Additional information
- Time zone: IST (UTC+5:30);
- PIN: 744105
- Telephone code: 031927
- ISO code: IN-AN-00
- Official website: www.and.nic.in
- Literacy: 64%
- Avg. summer temperature: 30.2 °C (86.4 °F)
- Avg. winter temperature: 23.0 °C (73.4 °F)
- Sex ratio: 1.48♂/♀
- Census Code: 35.639.0004
- Official Languages: Hindi, English

= Rutland Island =

Island

Rutland Island is an island of the Andaman Islands. It belongs to the South Andaman administrative district, part of the Indian union territory of Andaman and Nicobar Islands. The island is located 20 km south from Port Blair.

==History==
The island used to be home to the Jangil, one of the indigenous Andamanese groups. The Jangil (also called "Rutland Jarawa" since they were thought to have been related to the Jarawa of South Andaman) occupied much of the interior of the island according to mid-19th century British accounts; however, their interactions with outsiders were few and far between. Up to the early 20th century there are only a handful of documented encounters with Jangil individuals. The last documented encounter was in 1907, and when in the 1920s a more extensive expedition to the island's interior was conducted, no traces of their active habitation were found; the Jangil had become extinct.

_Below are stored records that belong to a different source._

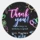 Modern Neon Glow Black Pool Party Thank you Classic Round Sticker
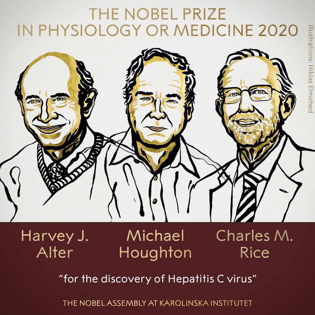 2020诺贝尔生理学或医学奖结果公布,哈维·J·奥尔特(Harvey J. Alter,)、迈克尔·霍顿(Michael Houghton)及查尔斯·M·赖斯(Charles M. Rice)共同获得2020年诺贝尔生理学或医学奖,以表彰三人在联合发现丙型肝炎病毒付出的努力及取得的成果。
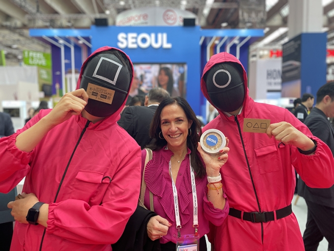 ▲유럽 최대 마이스 전시회 IMEX에 마련된 서울홍보관에서 관람객이 오징어게임 코스튬을 입은 홍보직원과 기념촬영을 하고 있다. (사진=서울관광재단)
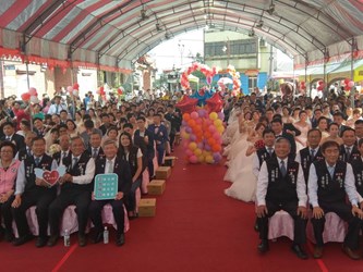 張副市長表示,他代表市長林佳龍到場祝福所有新人,恭喜大家在兩百多年歷史的樂成宮旱溪媽祖面前完成終身大事,從今以後彼此心連心共創美滿家庭;在這幸福的時刻,也期勉新人人生旅途漫長,未來雙方要一起同心面對困難,互相扶持幸福到老。
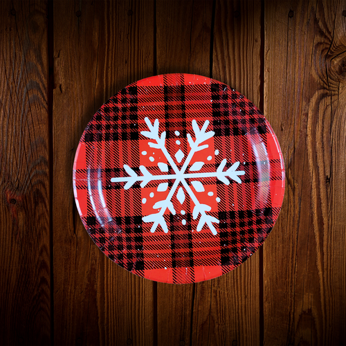 Copos de nieve. Rojo, blanco y negro. Plato Postre 7 pulg. 8 Unid.
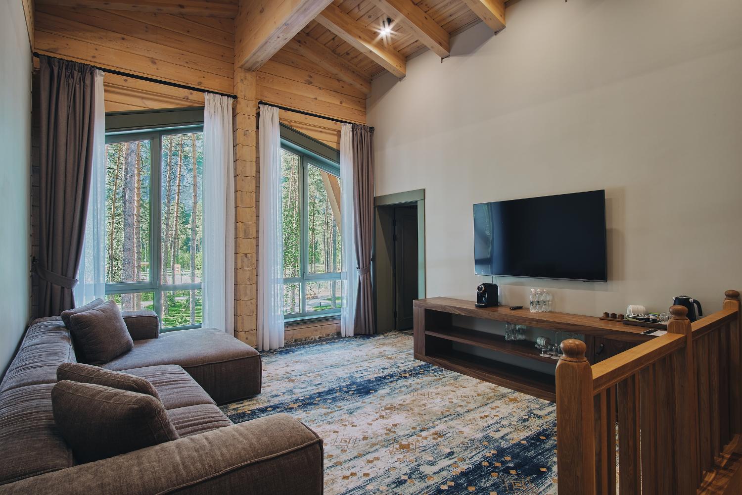 Our two-story Premium Suite with two bedrooms and a cozy living room is an ideal choice for a family holiday on the banks of the Katun River.
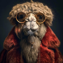 - Motivname: Stylisches Kamel mit Brille und rotem Mantel
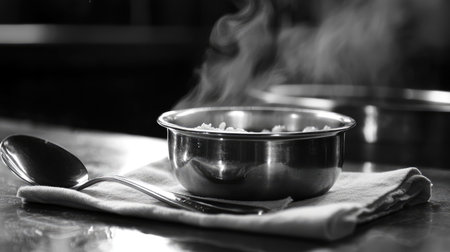 A steaming bowl of rice served on a cloth with a spoon, creating a warm and inviting ambiance. The monochrome effect enhances the elegant and simple nature of the dish.
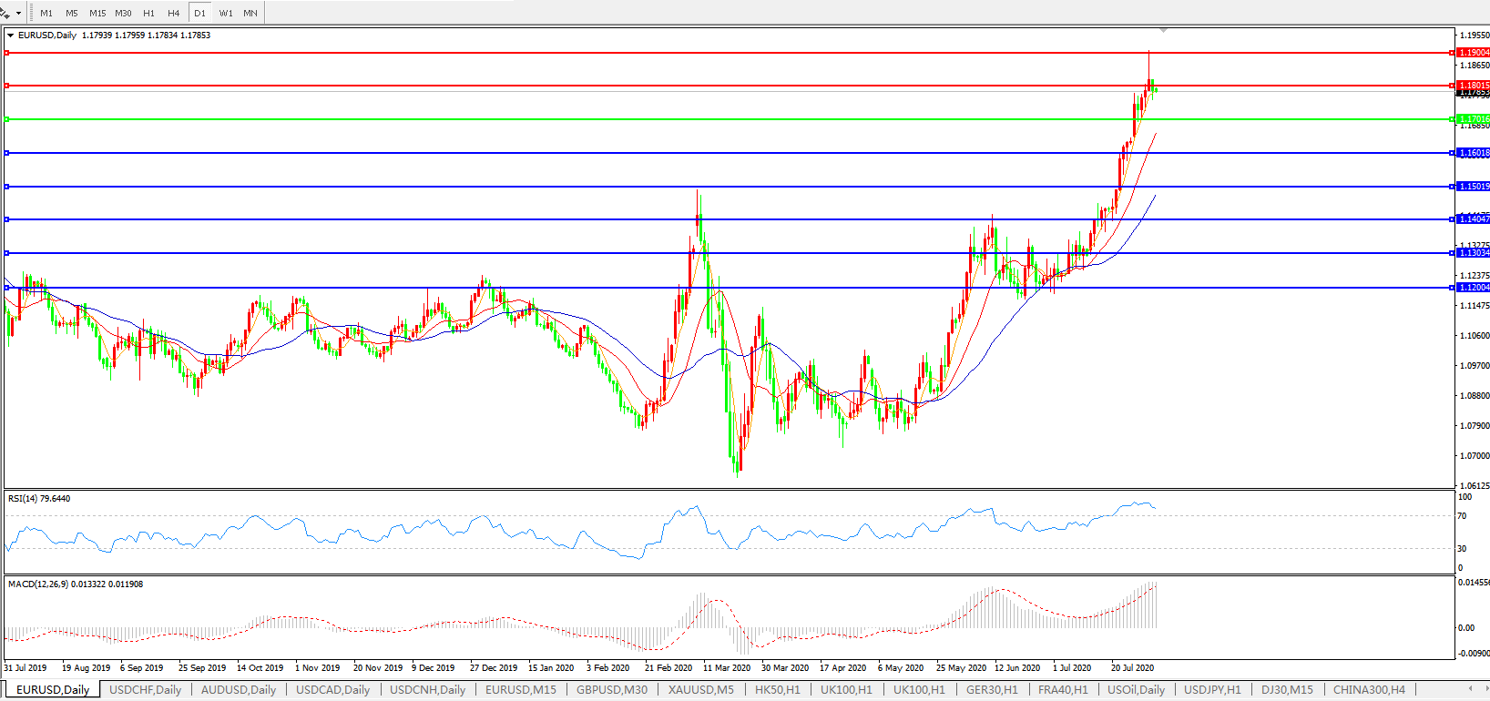 欧元兑美元EURUSD 日线图:

From time to time other indigenous Andamanese, such as the Onge from Little Andaman Island to the south and Great Andamanese tribes to the north had also set up fishing communities on Rutland. However, with the great reduction in numbers of these peoples, and their (enforced) relocation to more restricted areas, the island no longer has any permanent indigenous settlement.
There is a lighthouse at the slopes of the hill on the north of the island, about 2 km from the landing point.

==Geography==
The island belongs to the Rutland Archipelago and is located across the Macpherson Strait from South Andaman Island.
It is separated from Little Andaman by the Duncan Passage, and from North Clinque Island by Manner Strait. Mount Ford, 433m high, lies in the N part of the island; Mount Mayo, 227m high, lies in the S part.

==Administration==
Politically, Rutland Island, along neighboring Rutland Archipelago, are part of Port Blair Taluk.

== Demographics ==
There are 6 villages on the island: Rutland village, R.M.Point village, Bamboo Nallaha, Kichad Nallaha, Bada Khari and Dani Nallah.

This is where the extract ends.